Several studies have examined the impact of a sudden intervention on changes in air pollution (see 15 for a review). For example, researchers used interrupted time-series designs to quantify the impact of the 1990 Dublin coal ban 16 and regression discontinuity to identify the arbitrary spatial impact of the China Huai River Policy 17 . An important feature of these studies is that they investigated abrupt and localized changes across a relatively short time span (Dublin coal ban) and spatial scale (Huai River policy) 18 . Because of the abrupt nature of these interventions, defining a hypothetical experiment in these studies was straightforward.

Similarly, we examined the effect of the abrupt lockdown measures implemented in response to the COVID-19 pandemic, which produced sudden and significant changes in how society functions, with decreases in road traffic, air traffic, and economic activity 19 . This provided us with an unprecedented opportunity to implement a quasi-experimental design with a well-defined control condition (no pandemic) to estimate the changes in air pollution because of the implementation of these extreme measures. In a quasi-experimental design, the researcher compares outcomes between a treatment group and a control group, just as in a classical experiment; but treatment status (in our context the COVID-19 related intervention) is determined by politics, an accident, a regulatory action, or some other action beyond the researcher's control (in our context the start of the pandemic). See 20 for a discussion of strengths and limitations of a quasi-experimental design. Furthermore, the spatial heterogeneity in the extent to which air pollution levels changed because of the lockdown measures allowed us to identify factors contributing to these changes.

A number of recent studies have investigated the effect of the COVID-19 pandemic on the levels of different air pollutants in the US [21] [22] [23] [24] [25] [26] [27] [28] [29] [30] [31] [32] [33] [34] , globally [35] [36] [37] [38] [39] and for several cities around the world [40] [41] [42] [43] [44] [45] [46] [47] [48] [49] [50] [51] . Table 1 summarizes studies that have estimated changes in air pollution levels by comparing air pollution levels during the COVID-19 pandemic period to historical data both in the US and globally.
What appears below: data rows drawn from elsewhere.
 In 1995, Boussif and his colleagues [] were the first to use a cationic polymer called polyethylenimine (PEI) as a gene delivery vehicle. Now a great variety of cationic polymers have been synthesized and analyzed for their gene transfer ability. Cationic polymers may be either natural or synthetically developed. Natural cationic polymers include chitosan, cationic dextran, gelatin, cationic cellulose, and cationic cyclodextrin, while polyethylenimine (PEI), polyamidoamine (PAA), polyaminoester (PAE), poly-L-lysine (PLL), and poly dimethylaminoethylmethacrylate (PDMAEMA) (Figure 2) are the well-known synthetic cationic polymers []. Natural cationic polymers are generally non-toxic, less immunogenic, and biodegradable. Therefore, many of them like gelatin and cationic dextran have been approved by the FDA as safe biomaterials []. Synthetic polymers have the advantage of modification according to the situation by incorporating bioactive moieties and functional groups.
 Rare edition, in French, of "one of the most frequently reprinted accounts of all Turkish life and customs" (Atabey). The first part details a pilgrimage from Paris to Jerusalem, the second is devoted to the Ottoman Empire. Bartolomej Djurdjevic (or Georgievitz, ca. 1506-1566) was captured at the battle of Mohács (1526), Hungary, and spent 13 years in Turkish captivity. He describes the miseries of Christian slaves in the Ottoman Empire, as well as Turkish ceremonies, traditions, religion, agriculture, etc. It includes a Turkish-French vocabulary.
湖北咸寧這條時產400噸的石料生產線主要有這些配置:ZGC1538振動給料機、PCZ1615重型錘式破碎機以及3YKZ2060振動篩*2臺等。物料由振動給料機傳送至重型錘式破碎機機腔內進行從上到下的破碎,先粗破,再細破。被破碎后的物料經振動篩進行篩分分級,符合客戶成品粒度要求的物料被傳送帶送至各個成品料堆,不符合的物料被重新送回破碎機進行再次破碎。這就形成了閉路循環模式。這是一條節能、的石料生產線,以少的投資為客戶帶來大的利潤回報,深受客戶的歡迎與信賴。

Regardless of the emerging literature on this topic, these studies for the most part do not simultaneously account for autocorrelation, time trends and seasonality, and meteorological factors. To our knowledge, none of these studies attempt to identify state-level factors contributing to heterogeneity in the air pollution declines across states for both PM 2.5 and NO 2 .
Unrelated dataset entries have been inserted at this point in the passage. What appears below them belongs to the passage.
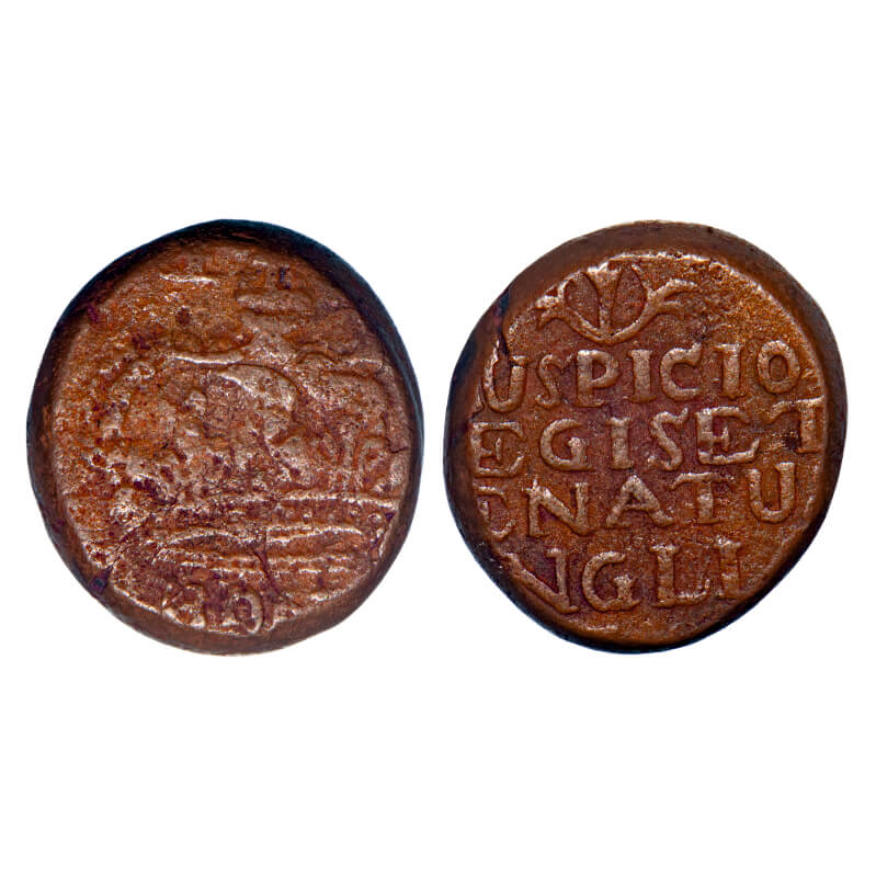 | Bombay Presidency, Copper 2 Pice, 17.89g, (1728-1749 AD issue), Obv: a large crown divides G R, (BOMB) below the crown, Rev: AUSPICIO/REGIS ET/ SENATUS/ ANGLIAE and date below, P.Stevens (Page 233) 2.97 types/F.Prid (99-103 type). About very Fine, Rare. |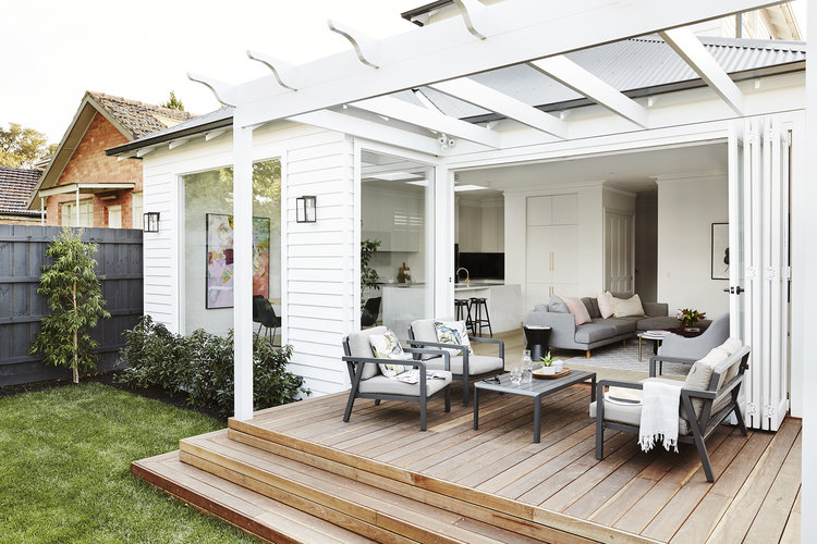 สำหรับใครที่ชอบบรรยากาศกลางแจ้ง บริเวณหลังบ้านก็จะมีพื้นที่เฉลียงไม้ที่ต่อเติมยื่นออกมา ซึ่งใช้เป็นมุมพักผ่อน หรือสังสรรค์ได้เป็นอย่างดีเลย
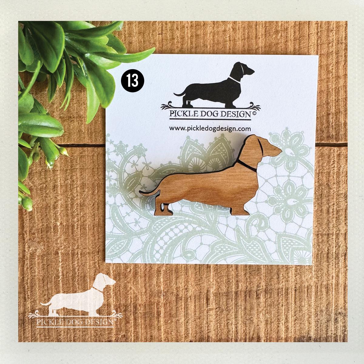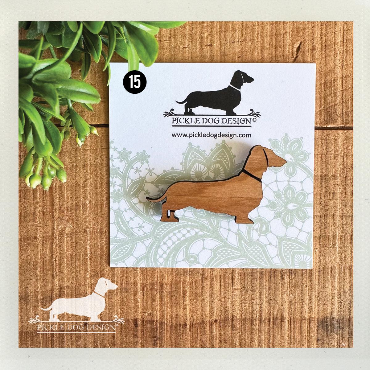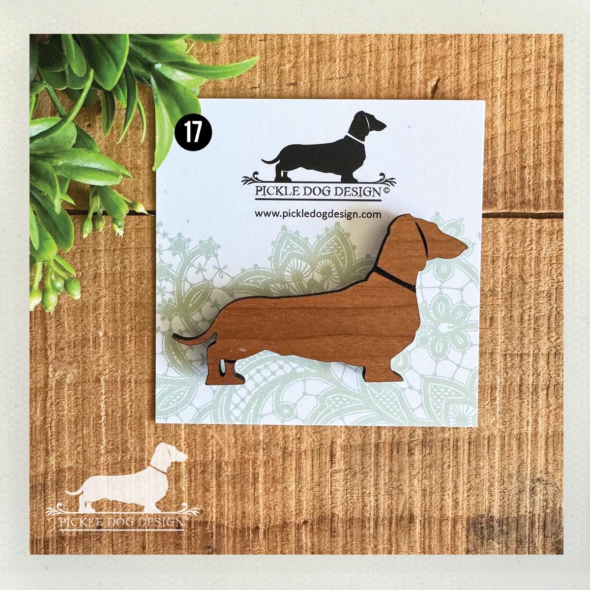 Smooth doxie magnets are made from maple, cherry, and walnut wood.

In this study, we had several scientific objectives that distinguish this paper from existing contributions in the literature. More specifically, we 1) develop and implement state-of-the-art time series approaches for counterfactual forecasting to predict weekly state-levels of PM 2.5 and NO 2 from January 1, 2020, to April 23, 2020, under the hypothetical scenario that the pandemic did not occur. These models account for measured confounding (e.g. meteorological factors), unmeasured confounding (e.g. seasonal variation and time trends) and residual autocorrelation; 2) properly validate the accuracy of the model fitting and account for the uncertainty in the counterfactual forecasts via bootstrap; 3) estimate the weekly state-level deviations and 95% CI between counterfactual (e.g., absent the pandemic) and observed levels of PM 2.5 and NO 2 from January 1, 2020 to April 23, 2020; 4) assess whether the deviations between the counterfactual values and the observed values start to deviate in correspondence to key interventions implemented as a result of the pandemic; 5) assess within each state, changes in both PM 2.5 and NO 2 ; and finally 6) investigate which state-level characteristics, including emissions sources, contributed the most to these changes, while adjusting for geography and population density.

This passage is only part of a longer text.